Jorge Martín González tiene una
úlcera duodenal galopante y el gastroenterólogo
le aconsejó operarse. Días atrás había
conversado sobre su dolencia con una mujer joven a quien sorprendió
hojeando un libro sobre los sanadores filipinos en una librería
esotérica. Fue ella quien le habló de Emilio Laporga:
“Ahora está en Buenos Aires. Andá a verlo porque
él va a resolver tu problema”. Y anotó en un papelito
la dirección.
“¿Quién te recomienda?”, preguntó Angeles,
una agradable recepcionista de ojos claros, claros como las
huellas de cansancio en su cara. “No me dio su nombre. Pero
me dijo que Emilio Laporga era el mejor, que entra en trance
y opera sobre el cuerpo astral”, respondió Jorge, en
un intento por asegurarse su simpatía. “Estamos desbordados
de pacientes” -exhaló la mujer- así que no te
puede atender hasta el martes 14”.
Jorge no podía esperar. “Tiene que ser hoy. ¿Sabés
lo que pasa? No quiero poner mi salud en manos de un médico
ortodoxo: les perdí la confianza. Por eso me quiero dar
esta última oportunidad”, exageró.
Angeles se disculpó: tenía todos los turnos cubiertos.

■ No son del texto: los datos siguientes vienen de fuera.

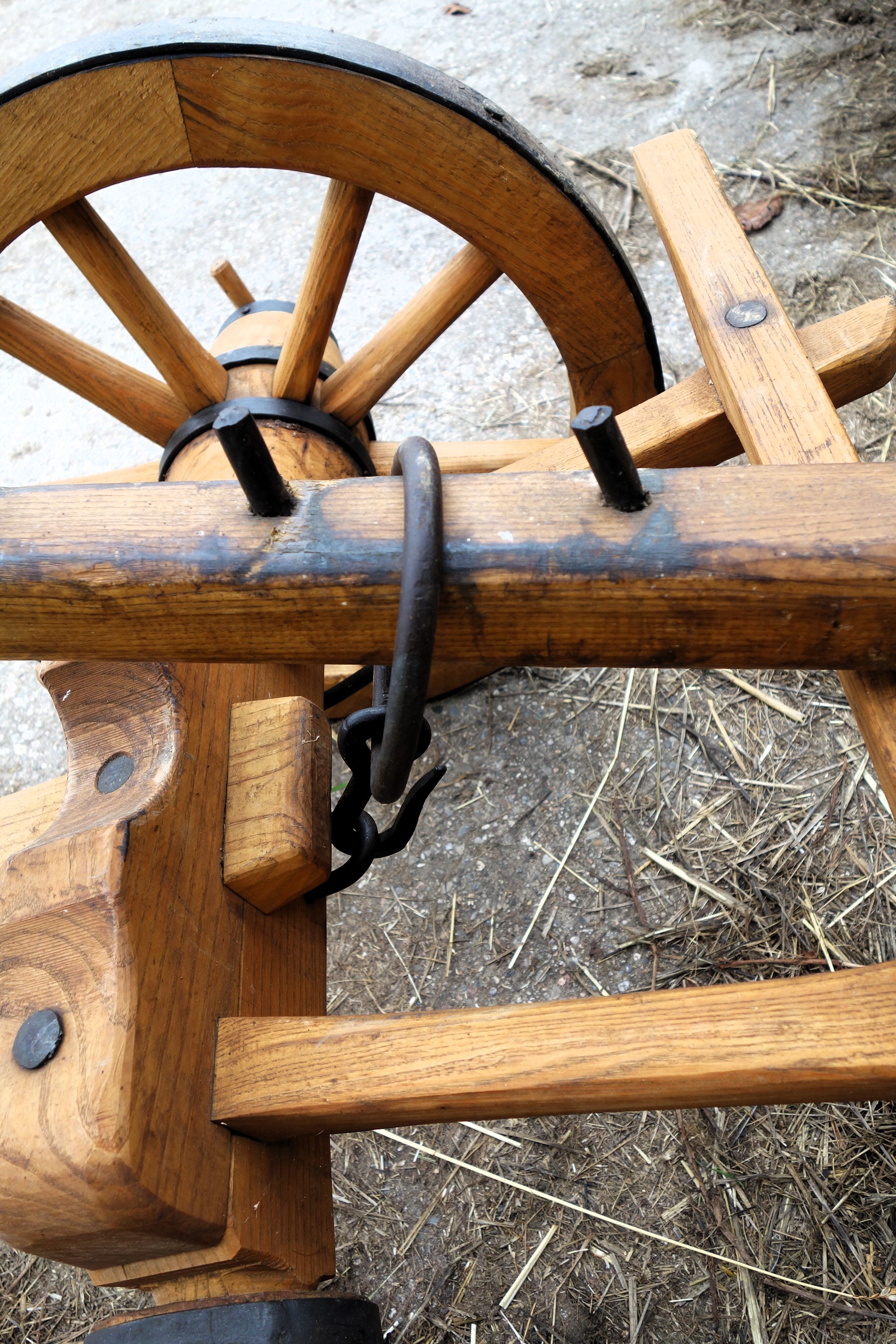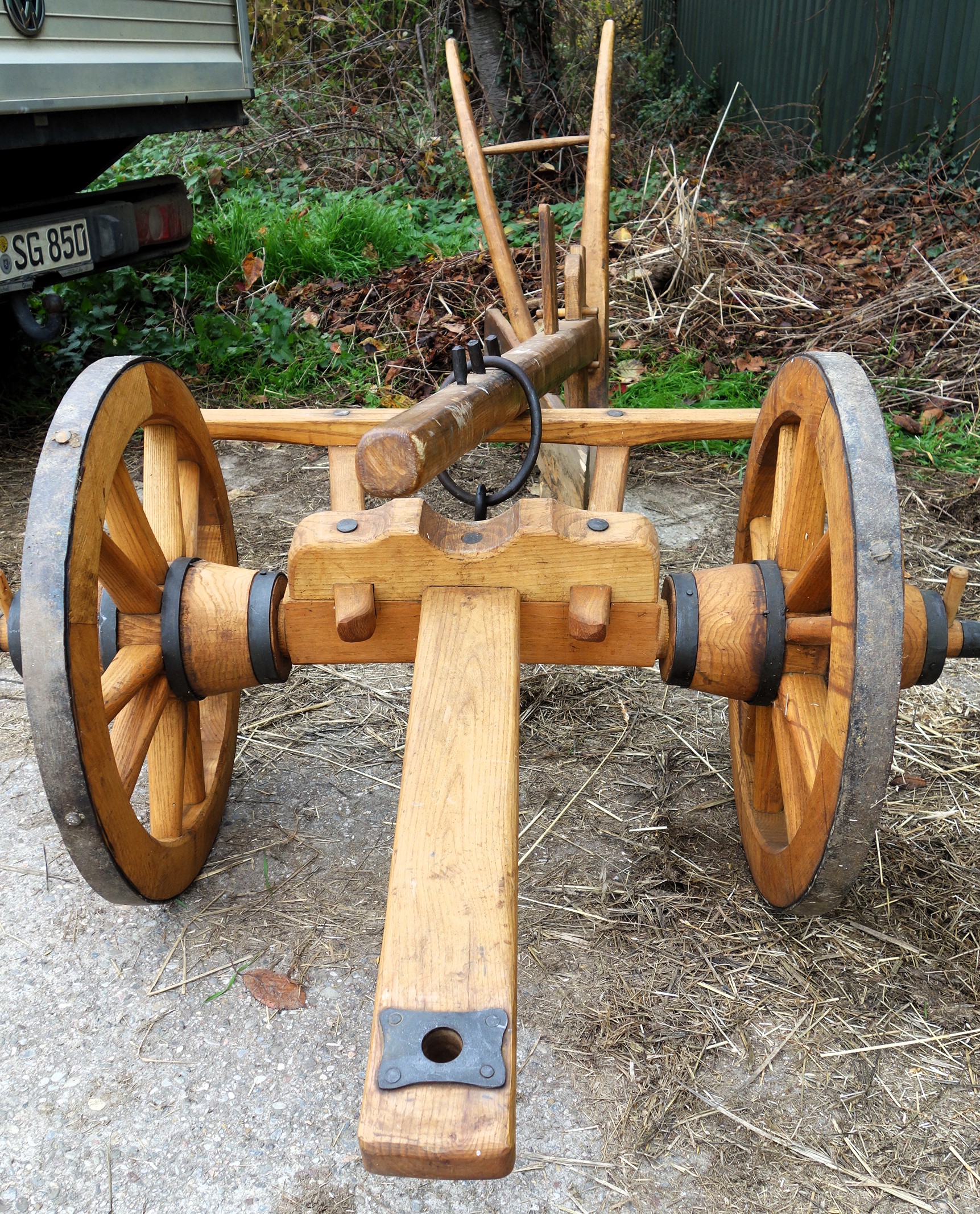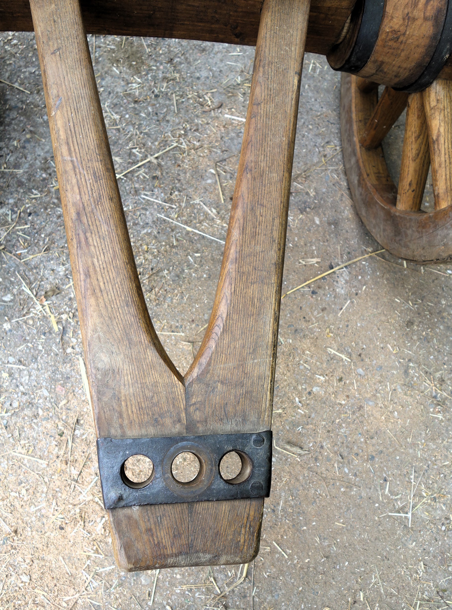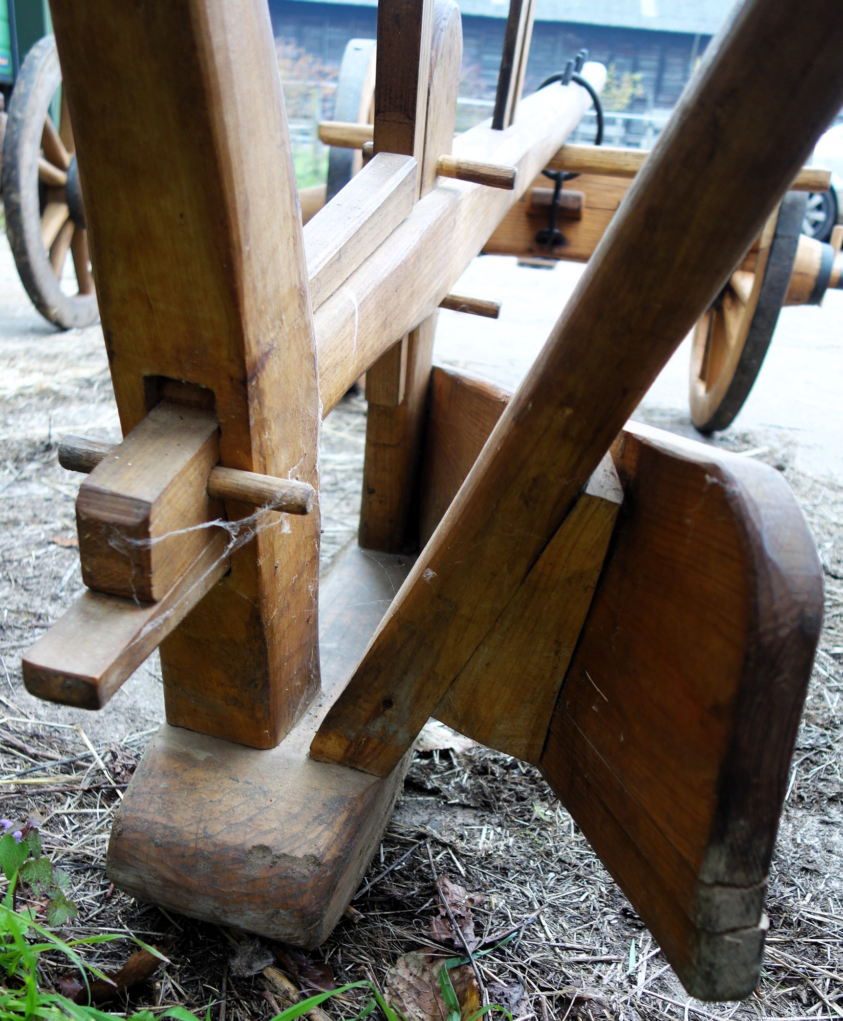 Dieser hier vorgestellte Krümelpflug wurde vom Freilichtlabor Lauresham nach alten Vorlagen rekonstruiert. Aus einem simplen Hakenpflug weiterentwickelt wurde hier die hölzerne, symmetrische Pflugspitze, die den Boden nur anhebt, krümelt und nicht wendet, schon mit einer Eisenplatte verstärkt. Ferner wurde ein Messersech eingebaut und ein Pflugkarren dazu genommen, letzteres um die Händelbarkeit des Gerätes deutlich zu erleichtern. Fast modern das Teil...

A Jorge se le prendió la lamparita y añadió
un comentario tentador: “Si Emilio me atiende hoy vengo con
mi primo, que tiene a su madre enferma de cáncer, y la
puede traer de Rosario para que él la vea”.
Angeles aceptó hacer una excepción. Era la mañana
del viernes 10 de marzo.
FALSOS DOLORES
Jorge Martín González era el falso nombre del
autor de esta nota. Tan falso como su historia. Pero era el
mejor pretexto que se le había ocurrido para hacerse
atender acompañado por su primo, que en realidad era
el ilusionista profesional y experto en fraudes psíquicos
Enrique
Márquez.
El punto de arranque de esta crónica había sido
el mensaje anónimo de un hombre que dijo: “El filipino
volvió a las andadas. Vayan a Callao 796, Piso 9, que
está atendiendo ahí con dos médicos. Pero
apúrense porque está por irse del país”.
El diálogo con Angeles fue cierto. Tan cierto como que
todo estaba listo para que el médico espiritual opere
a Jorge de una úlcera inexistente. Las tres primeras
sesiones tendrían lugar ese mismo viernes. La intervención
continuaría durante la mañana del sábado.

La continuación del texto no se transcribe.